Given a functions g(t,T) and Q(t,T) such that
$g(t,T) = - \frac{\partial}{\partial T} \ln Q(t,T)$,
$Q(T,T) = 1 = Q(t,t)$,
T>0 and
$t \in [0,T]$
Does it follow that $Q(t,T) = exp(-\int_{t}^{T} g(t,u) du)$?
My professor gives an argument that suggests it is so, but a different way I tried suggested the instead we have $Q(t,T) = \pm exp(-\int_{t}^{T} g(t,u) du)$. Who is right?

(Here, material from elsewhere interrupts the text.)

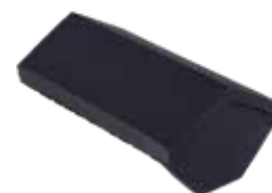
zadel begin- en eindvorst

What is the flaw in the wrong one's reasoning?
My professor's:
$g(t,u) = - \frac{\partial}{\partial u} \ln Q(t,u)$
$\int_{t}^{T} g(t,u) du = \int_{t}^{T} - \frac{\partial}{\partial u} \ln Q(t,u) du$
$\int_{t}^{T} g(t,u) du = \int_{t}^{T} - \frac{\partial}{\partial u} \ln Q(t,u) du$
$- \int_{t}^{T} g(t,u) du = \ln Q(t,T) - \ln Q(t,t)$
$- \int_{t}^{T} g(t,u) du = \ln Q(t,T)$
$e^{- \int_{t}^{T} g(t,u) du} = Q(t,T)$
QED
Mine:
$g(t,u) = - \frac{\partial}{\partial u} \ln Q(t,u)$
$\int_{t}^{T} g(t,u) du = \int_{t}^{T} - \frac{\partial}{\partial u} \ln Q(t,u) du$
$- \int_{t}^{T} g(t,u) du = - \int_{t}^{T} - \frac{\partial}{\partial u} \ln Q(t,u) du$
$- \int_{t}^{T} g(t,u) du = \int_{t}^{T} \frac{\partial}{\partial u} \ln Q(t,u) du$
$- \int_{t}^{T} g(t,u) du = \int_{t}^{T} \frac{\partial}{\partial u} Q(t,u) / Q(t,u) du$
Let
$v = Q(t,u)$
$dv = \frac{\partial}{\partial u} Q(t,u)$
$- \int_{t}^{T} g(t,u) du = \ln |Q(t,T)/ Q(t,t)|$
$- \int_{t}^{T} g(t,u) du = \ln |Q(t,T)|$
$e^{- \int_{t}^{T} g(t,u) du} = |Q(t,T)|$
$\pm e^{- \int_{t}^{T} g(t,u) du} = Q(t,T)$
QED
P.S. g and Q are stochastic, and it is assumed we can swap integral and derivative (if even relevant).
The solution
$$Q(t,T) = - \exp \left( - \int_t^T g(t,u) \, du \right)$$
does not satisfy the initial conditions $Q(T,T) = q(t,t)=1$. Obviously,
$$Q(t,t) = Q(T,T)=-1.$$